# Work to complete
Go through the listing below and retype exactly the lines starting at the one with "中国(4-4-2):1-颜骏" and ending at the one with "目標コード数の下にはブロック", skipping pictures.

# Data for this exercise
■ ■ ■ ■

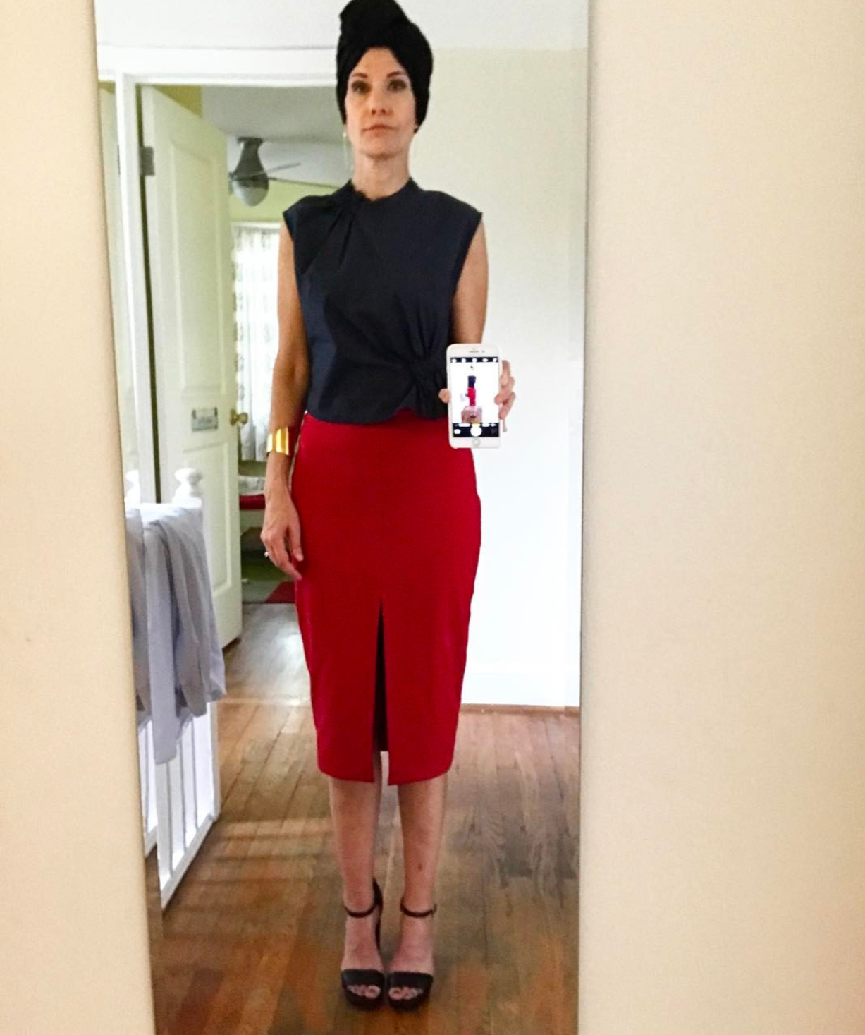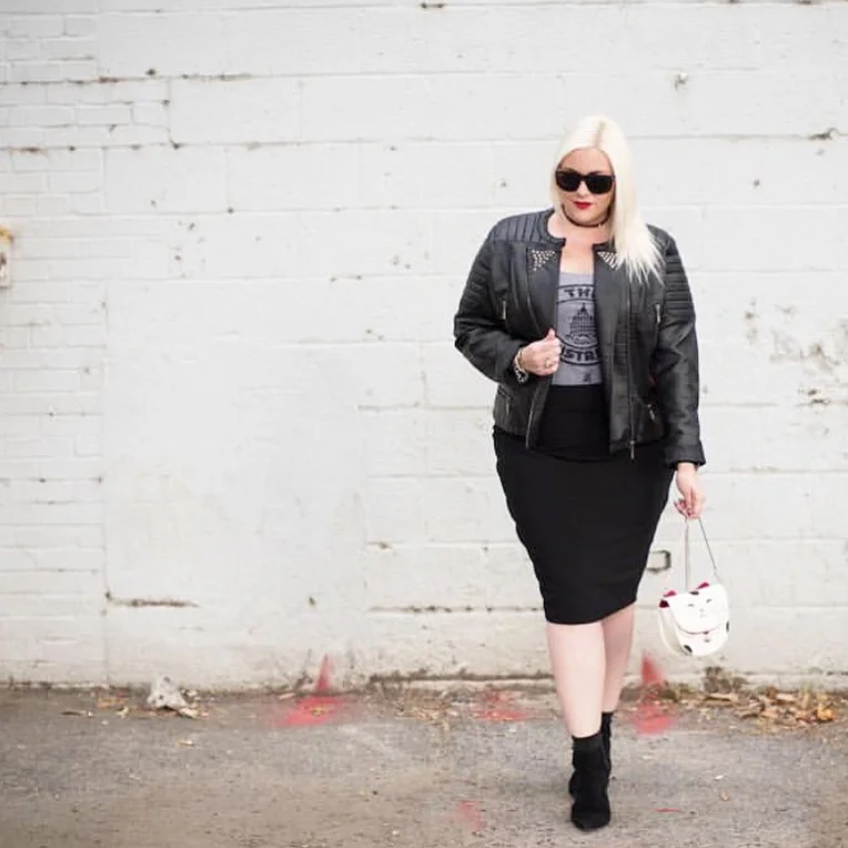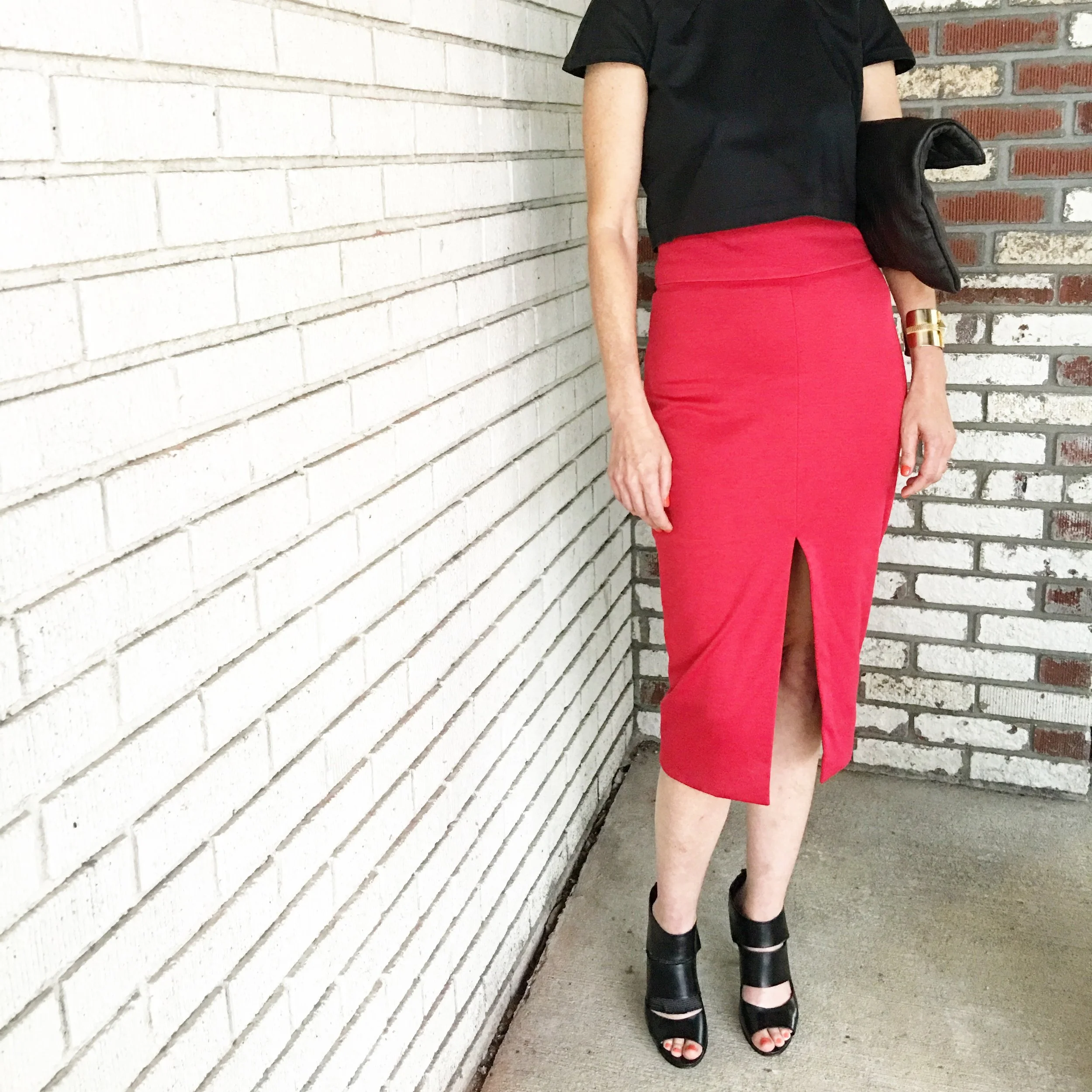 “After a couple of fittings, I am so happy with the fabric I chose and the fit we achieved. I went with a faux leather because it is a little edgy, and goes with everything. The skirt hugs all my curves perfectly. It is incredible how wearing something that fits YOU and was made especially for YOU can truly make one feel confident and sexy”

■ ■ ■ ■

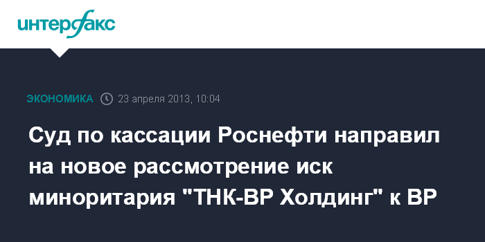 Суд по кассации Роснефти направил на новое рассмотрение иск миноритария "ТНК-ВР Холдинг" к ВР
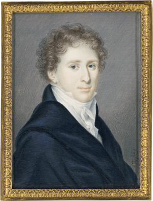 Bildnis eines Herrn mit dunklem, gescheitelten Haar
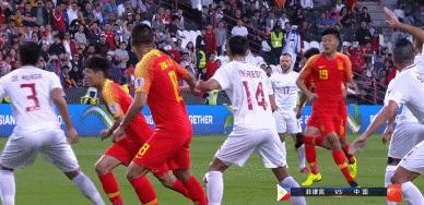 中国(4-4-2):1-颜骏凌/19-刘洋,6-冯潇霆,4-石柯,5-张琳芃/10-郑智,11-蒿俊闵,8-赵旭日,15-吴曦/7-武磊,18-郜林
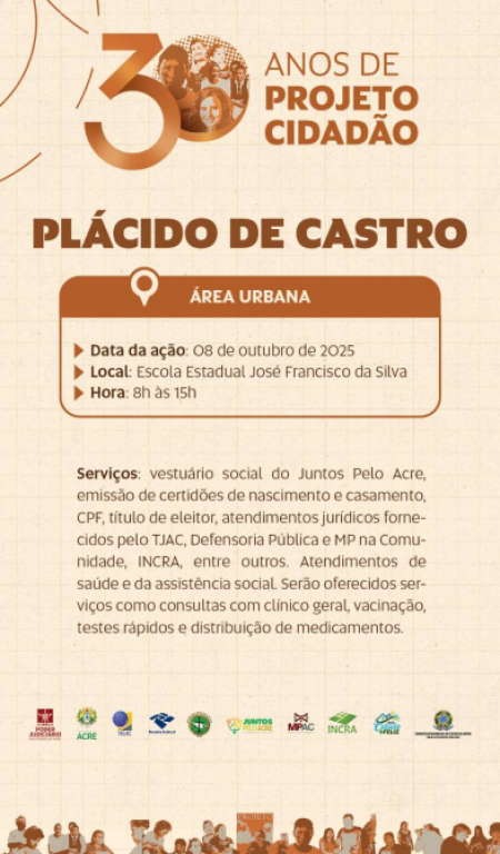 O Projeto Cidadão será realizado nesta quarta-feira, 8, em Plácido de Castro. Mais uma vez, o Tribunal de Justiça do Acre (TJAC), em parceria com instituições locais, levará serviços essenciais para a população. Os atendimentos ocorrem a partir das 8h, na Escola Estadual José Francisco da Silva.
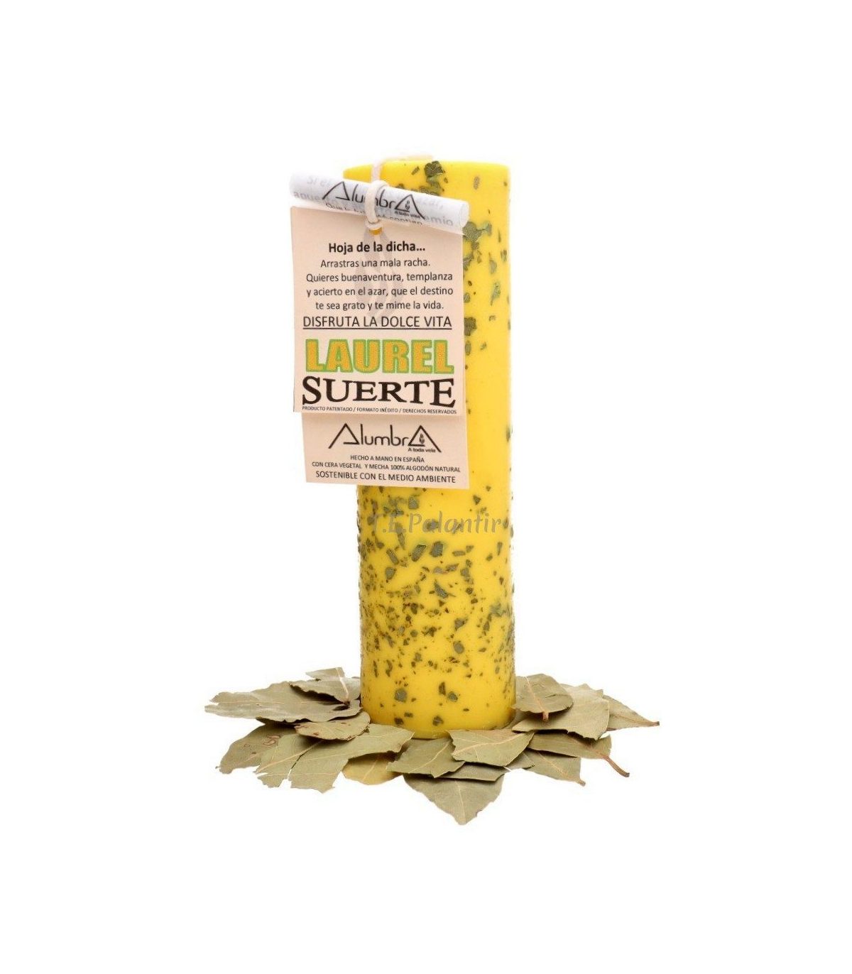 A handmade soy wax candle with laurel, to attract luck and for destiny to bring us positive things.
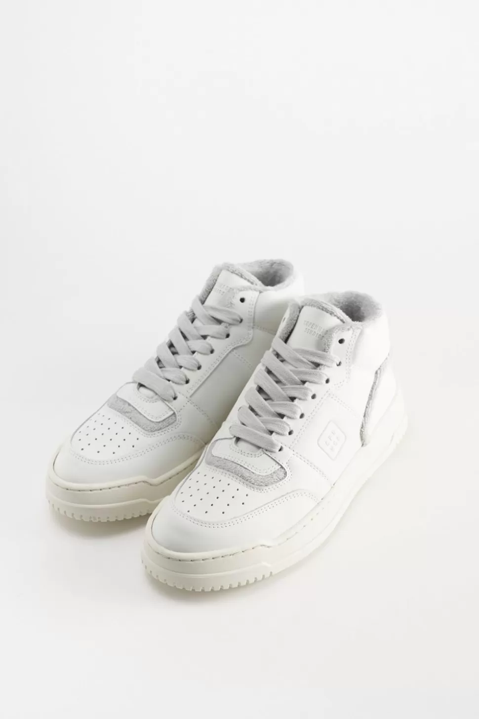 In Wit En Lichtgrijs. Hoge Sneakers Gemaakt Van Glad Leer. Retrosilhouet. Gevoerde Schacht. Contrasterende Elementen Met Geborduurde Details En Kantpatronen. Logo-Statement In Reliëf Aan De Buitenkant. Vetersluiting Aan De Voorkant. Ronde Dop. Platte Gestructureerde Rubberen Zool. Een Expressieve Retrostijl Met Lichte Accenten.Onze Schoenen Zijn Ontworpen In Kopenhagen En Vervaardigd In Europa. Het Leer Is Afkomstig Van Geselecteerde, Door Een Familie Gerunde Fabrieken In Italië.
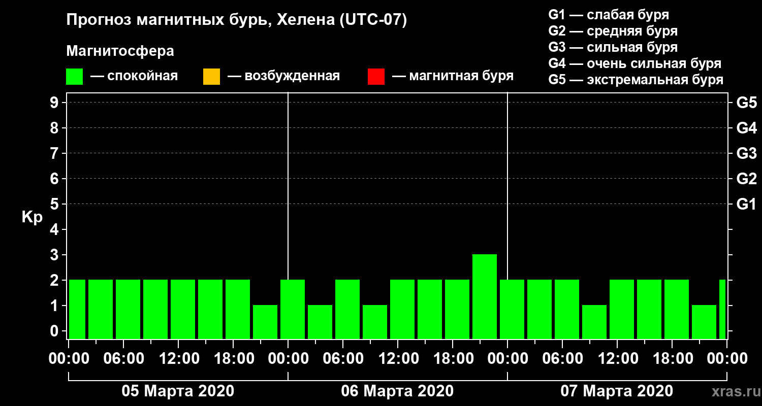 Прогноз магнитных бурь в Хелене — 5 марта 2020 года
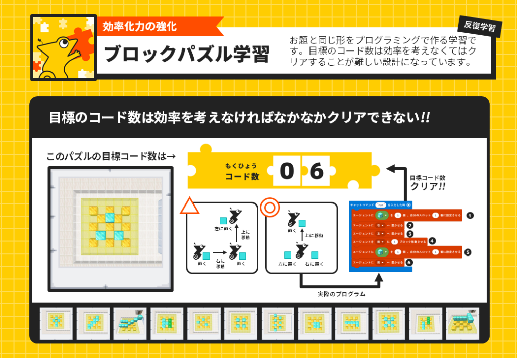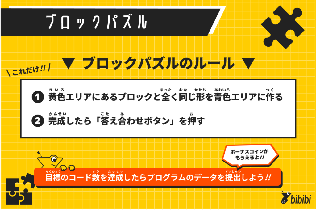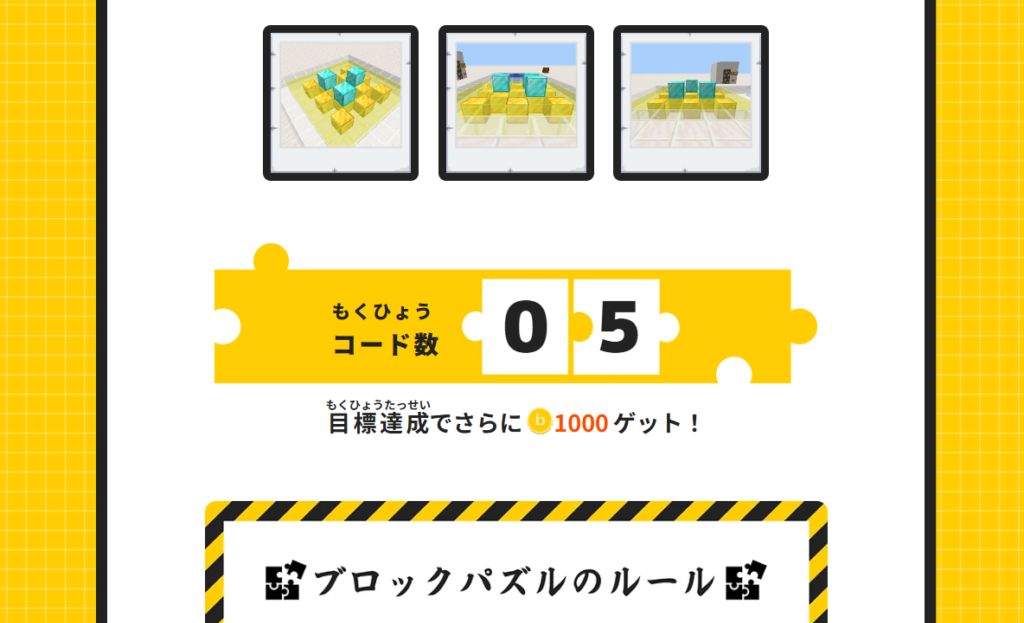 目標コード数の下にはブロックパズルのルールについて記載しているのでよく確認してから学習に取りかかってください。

■ ■ ■ ■

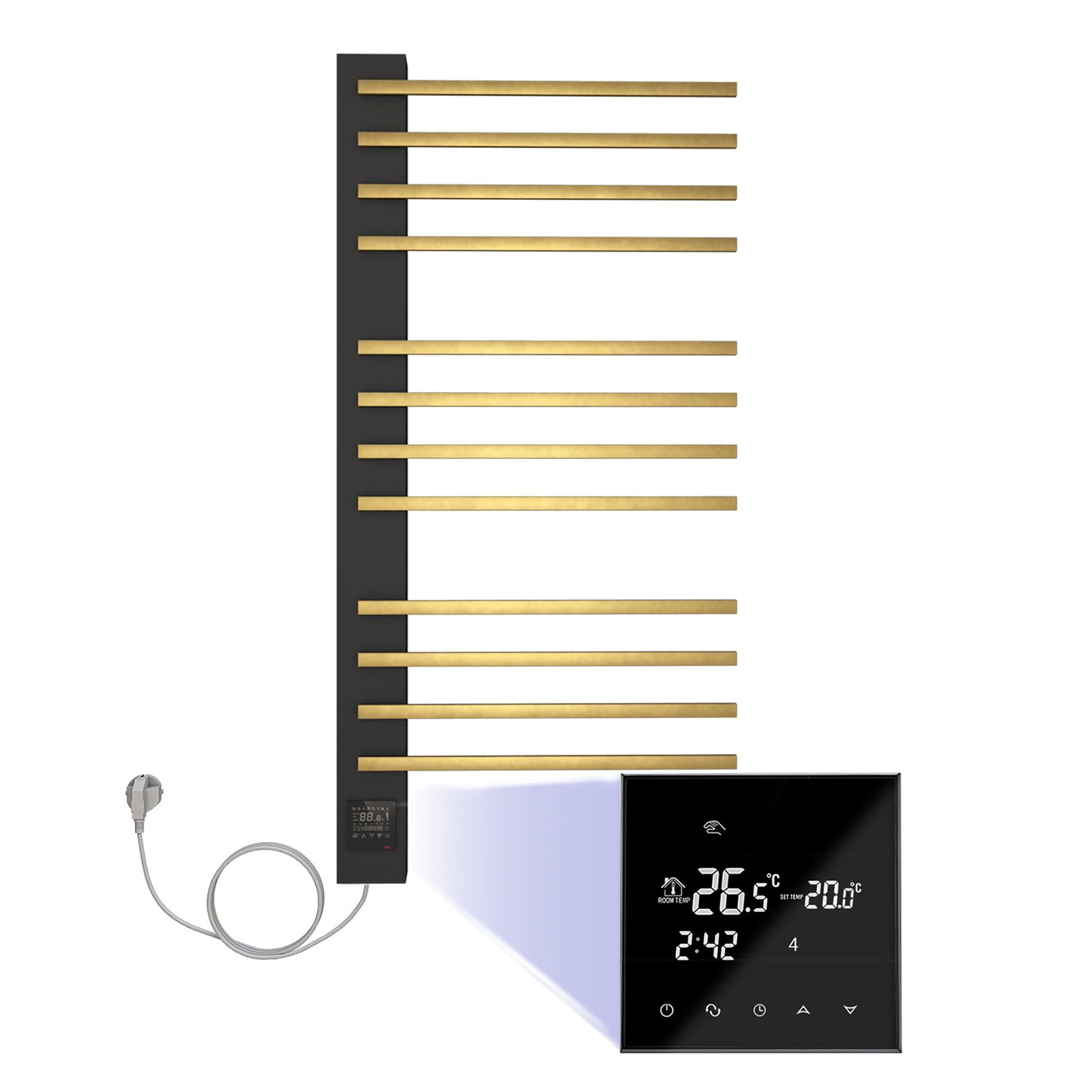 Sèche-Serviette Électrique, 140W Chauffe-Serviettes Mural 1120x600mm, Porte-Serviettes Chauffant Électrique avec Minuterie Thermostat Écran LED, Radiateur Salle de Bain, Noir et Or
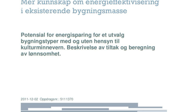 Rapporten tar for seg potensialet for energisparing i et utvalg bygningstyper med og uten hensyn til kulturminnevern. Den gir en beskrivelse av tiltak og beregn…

■ ■ ■ ■

# Solution
 中国(4-4-2):1-颜骏凌/19-刘洋,6-冯潇霆,4-石柯,5-张琳芃/10-郑智,11-蒿俊闵,8-赵旭日,15-吴曦/7-武磊,18-郜林
 O Projeto Cidadão será realizado nesta quarta-feira, 8, em Plácido de Castro. Mais uma vez, o Tribunal de Justiça do Acre (TJAC), em parceria com instituições locais, levará serviços essenciais para a população. Os atendimentos ocorrem a partir das 8h, na Escola Estadual José Francisco da Silva.
 A handmade soy wax candle with laurel, to attract luck and for destiny to bring us positive things.
 In Wit En Lichtgrijs. Hoge Sneakers Gemaakt Van Glad Leer. Retrosilhouet. Gevoerde Schacht. Contrasterende Elementen Met Geborduurde Details En Kantpatronen. Logo-Statement In Reliëf Aan De Buitenkant. Vetersluiting Aan De Voorkant. Ronde Dop. Platte Gestructureerde Rubberen Zool. Een Expressieve Retrostijl Met Lichte Accenten.Onze Schoenen Zijn Ontworpen In Kopenhagen En Vervaardigd In Europa. Het Leer Is Afkomstig Van Geselecteerde, Door Een Familie Gerunde Fabrieken In Italië.
 Прогноз магнитных бурь в Хелене — 5 марта 2020 года
 目標コード数の下にはブロックパズルのルールについて記載しているのでよく確認してから学習に取りかかってください。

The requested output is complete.